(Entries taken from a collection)
**********
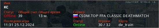 Играет на Counter Strike 1.6 сервере. Страна: РоссияПервый раз замечен 18:36 03.06.2023
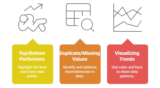 Conditional formatting applies visual cues such as colors or icons to highlight data patterns, anomalies, or key metrics quickly:
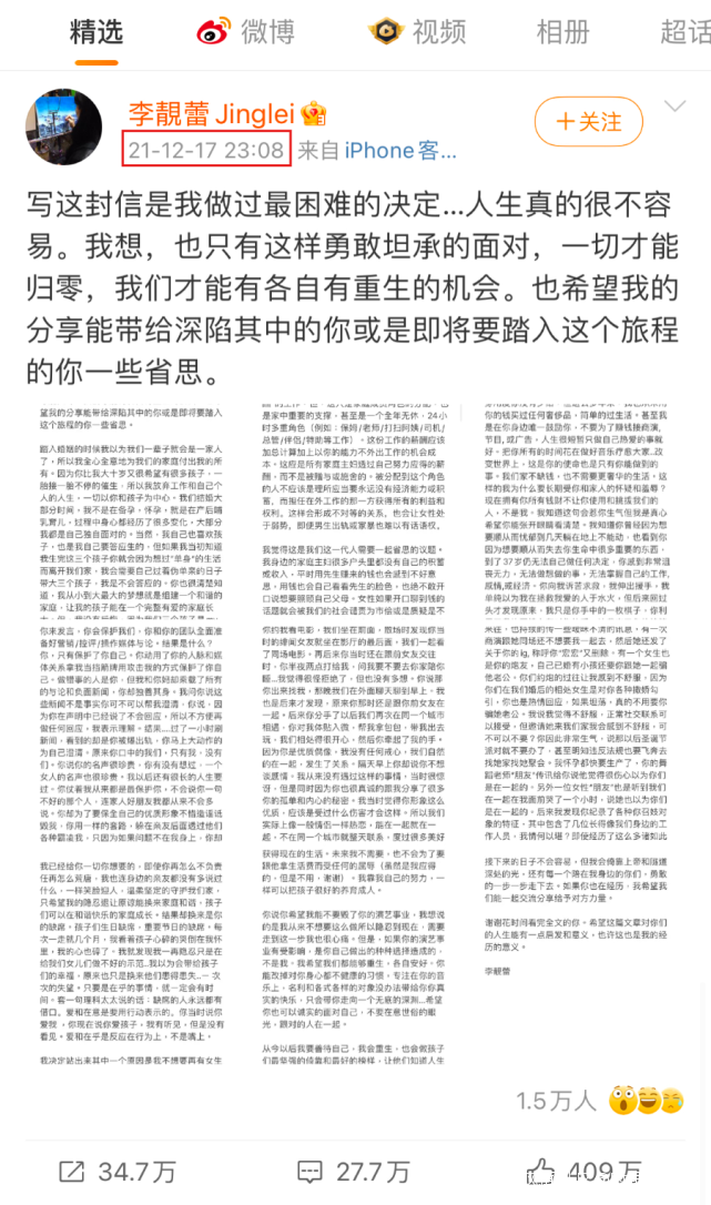12月18日,凌晨1點22分,僅僅距離李靚蕾的微博過去了2個小時多一點。
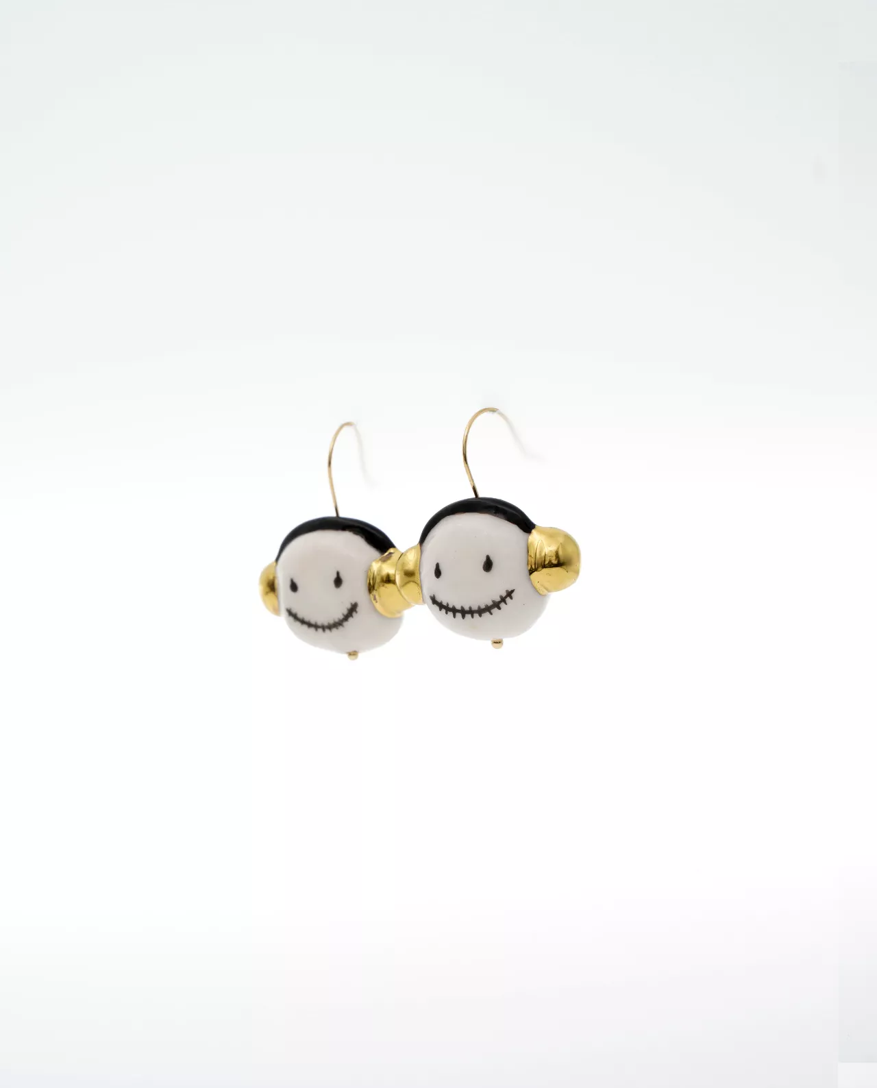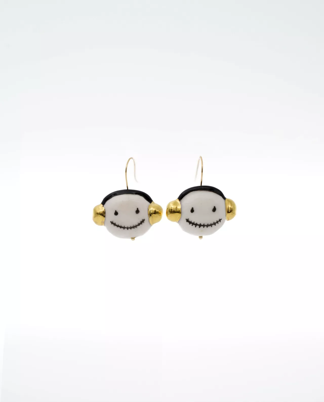 Our porcelain Mojo earrings with 18 karat yellow gold plated headphones are the perfect accessory for music lovers who want a unique and stylish accessory to add a special touch to their outfit.
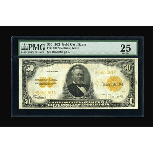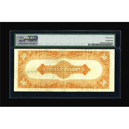 <B>Fr. 1200 $50 1922 Gold Certificate PMG Very Fine 25.</B></I> Broad margins and wholly original paper are noted on this $50.<BR><BR><b>Shipping:</b> Coins & Currency (<a target="_blank" href="http://www.heritageauctions.com/common/shipping.php">view shipping information</a>)
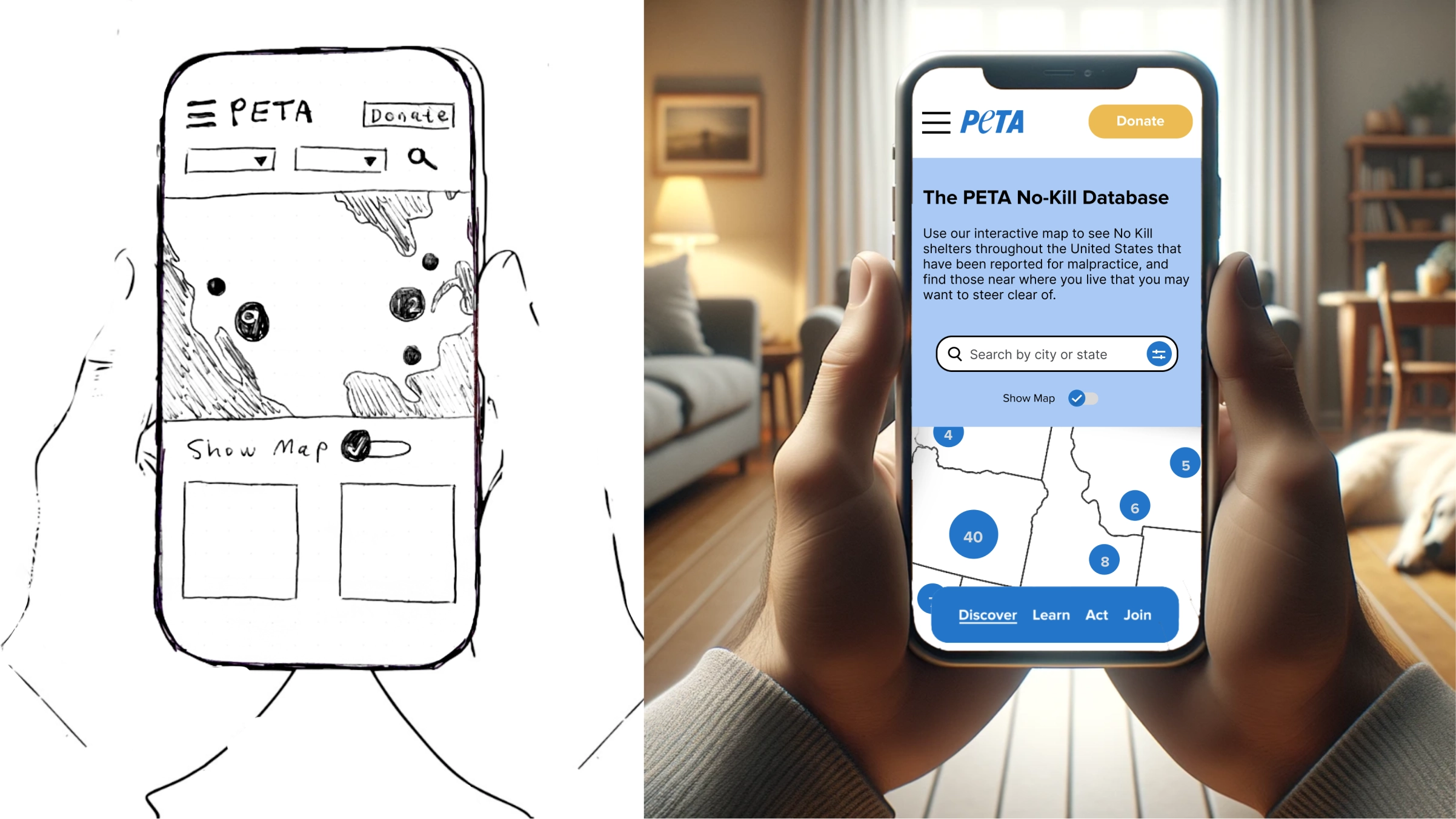 PETA partnered with SVC Seattle—a vocational school that offers UX programs where I was then a student—and challenged my team to redesign the page. My team was made up of two UX designers and two UX writers. I led the design of the mobile version of the database over a two-month period, and I collaborated with another designer on the desktop version.
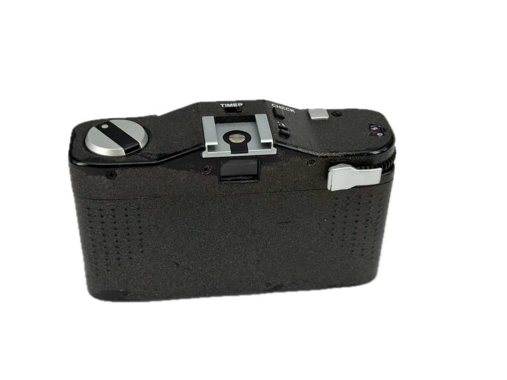 Uber compact Minox 35mm film camera. Uses 4 x LR44 batteries, so it's super easy. Nice lens - and MADE IN GERMANY! Comes with the rare and very powerful MF 35 ST flash. Our technician cleaned it February 2026.
**********
Your task is to return the entries above exactly, with no pictures.

 Играет на Counter Strike 1.6 сервере. Страна: РоссияПервый раз замечен 18:36 03.06.2023
 Conditional formatting applies visual cues such as colors or icons to highlight data patterns, anomalies, or key metrics quickly:
12月18日,凌晨1點22分,僅僅距離李靚蕾的微博過去了2個小時多一點。
 Our porcelain Mojo earrings with 18 karat yellow gold plated headphones are the perfect accessory for music lovers who want a unique and stylish accessory to add a special touch to their outfit.
 <B>Fr. 1200 $50 1922 Gold Certificate PMG Very Fine 25.</B></I> Broad margins and wholly original paper are noted on this $50.<BR><BR><b>Shipping:</b> Coins & Currency (<a target="_blank" href="http://www.heritageauctions.com/common/shipping.php">view shipping information</a>)
 PETA partnered with SVC Seattle—a vocational school that offers UX programs where I was then a student—and challenged my team to redesign the page. My team was made up of two UX designers and two UX writers. I led the design of the mobile version of the database over a two-month period, and I collaborated with another designer on the desktop version.
 Uber compact Minox 35mm film camera. Uses 4 x LR44 batteries, so it's super easy. Nice lens - and MADE IN GERMANY! Comes with the rare and very powerful MF 35 ST flash. Our technician cleaned it February 2026.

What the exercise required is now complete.